Quando le foto ti ritrovano

Grazie a una delle mie grandi passioni, la collezione di antiche cartoline della Sardegna, appena posso giro per mercatini alla ricerca di rarità per arricchire la mia raccolta. Un’appuntamento fisso, tutti i mesi, è il mercatino dell’antiquariato che si tiene a Firenze presso i giardini della Fortezza da Basso. Alcuni anni fa, mentre rovistavo in un banco particolarmente fornito di cartoline e vecchie foto, mi ritrovai per le mani una foto che ritraeva un giovane seduto, in posa, accanto a un vecchio apparecchio radiofonico. Non ebbi dubbi e lo riconobbi subito: era mio suocero, Giuseppe Campanini, nato nel 1906 e morto nel 1981, uno dei primi radiotecnici in Italia.
SUOCERO 029Feci presente la “scoperta” al titolare del banco che, incredulo, sfilò la foto dalla sua custodia: nel retro c’era la firma autografa e una dedica ad un amico farmacista di Sarzana che ne confermavano l’identità. La foto era datata 1927 e il commerciante la vendeva per 25 euro vista la rarità dell’apparecchio radiofonico ritratto accanto a mio suocero. Volevo pagare e acquistare la foto, sconosciuta a tutta la famiglia, per riportarla nell’alveo familiare, ma il commerciante rifiutò i quattrini dicendomi: “No. Te la regalo perchè non sei tu che hai trovato la foto, ma la foto che ha ritrovato te”. Quella foto, ora, fa bella mostra di sè, incorniciata, su un ripiano della mia libreria.
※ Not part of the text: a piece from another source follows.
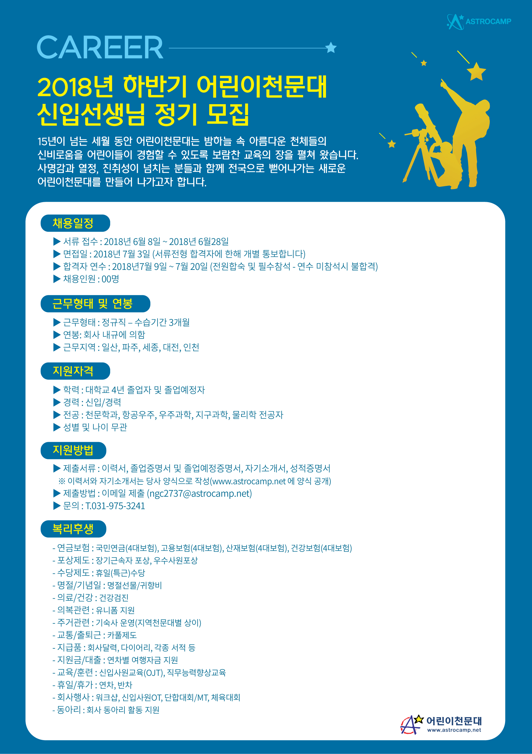 채용담당자: ngc2737@astrocamp.net (상시문의번호: 031-975-4244) |

marina 197Oggi, 20 novembre 2014, dopo una decina d’anni, la storia si ripete. Con mia moglie Enrica capitiamo per caso al Mercatino delle Pulci di Firenze, in Piazza dei Ciompi. Mi metto a rovistare in un banco tra vecchie cartoline e vecchie foto e, all’improvviso sobbalzo: “questa è mia cugina!”. Giro la foto e nel retro ho la conferma: c’è l’invio con dedica di mia zia Mattiuccia e di mio zio Francesco che, nel 1964, da Lione in Francia inviavano la foto di mia cugina Marina a qualche loro conoscente non precisato nella dedica.

Confesso che sono rimasto sorpreso ed emozionato nel rivedere Marina da piccola con i suoi bei riccioli biondi e nel ritrovare un pezzo della mia famiglia su una bancarella. E, anche se mi rimarrà sempre la curiosità di scoprire come ha fatto questa foto a finire su un banco del Mercatino delle Pulci di Firenze, devo ammettere che per la seconda volta mi succede di essere ritrovato da una foto.